Death Penalty for child sexual abusers

Florida passes bill allowing 

death penalty

for child sexual abusers

 

 

Florida lawmakers have approved legislation backed by Gov. Ron DeSantis that would permit the death penalty for those convicted of sexually abusing children.

 

The bipartisan proposal which passed by a vote of 34-5 late Tuesday will also allow juries to hand down death sentences by votes of at least 8-4, after previously requiring unanimity.

 

The bill which passed the Florida House of Representatives 95-14 last week and which DeSantis is expected to sign would apply to those convicted of abusing a child under the age of 12.

 

“My view is, you have some of these people that will be serial rapists of six, seven-year-old kids,” DeSantis told “Good Morning Orlando” Monday. “I think the death penalty is the only appropriate punishment when you have situations like that.”

 

State Senate Minority Leader Lauren Book (D-Davie) and state Sen. Jonathan Martin (R-Fort Myers), the bill’s 

co-sponsors, argued that those who sexually harm kids are likely to repeat their crime and deserve the ultimate penalty.

 

“Once a predator has a child ensnared, they will harm that child over and over and over again,” Book said. “And then move on to another innocent child.”

 


Book argued that execution guards against the targeting of additional victims.

 

“Pedophile behavior has been deemed highly repetitive to the point of compulsion,” she said.

 

State Sen. Rosalind Osgood (D-Broward), one of the five who opposed the bill, said she agreed that sexual attacks on kids are severe crimes, but told fellow lawmakers that she struggled with imposing the death penalty in general due to her religious beliefs.

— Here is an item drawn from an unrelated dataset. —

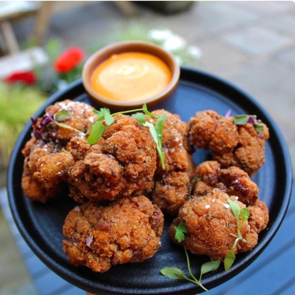 - Cauliflower Wings – A vegan twist on a classic, served with sriracha mayo dip (VE).
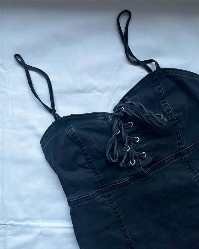 Черное джинсовое платье от бренда H&M. Ткань очень красиво тянется и подчеркивает фигуру. Платье красиво держит грудь среднего размера, можно носить без бюстгалтера. На рост 160см длина платья выше колена, но не мини. Размер - 36 Замеры: длина спереди - 65 см длина сзади - 58 мы грудь - 34 см бедра - 41 см

The bill also runs up against Supreme Court precedent. In 2008, the high court ruled 5-4 in Kennedy v. Louisiana that the death penalty could not be levied against child rapists or anyone who committed a crime in which the victim did not die.

 

However, DeSantis suggested this week that the current Supreme Court, made up of six conservatives and three liberals, might be open to overturning that decision.

 

The death penalty controversy made headlines in Florida last year after a jury spared Parkland school shooter Nikolas Cruz from execution, instead handing down a life sentence.

 

All but one juror voted for Cruz to be executed, which DeSantis said Monday was “really the only appropriate punishment.” “If you don’t support capital punishment, I respect that,” the governor added, “but the way to deal with that is to try to get the laws changed in the state through the democratic process not to be on a jury and to nullify capital punishment.”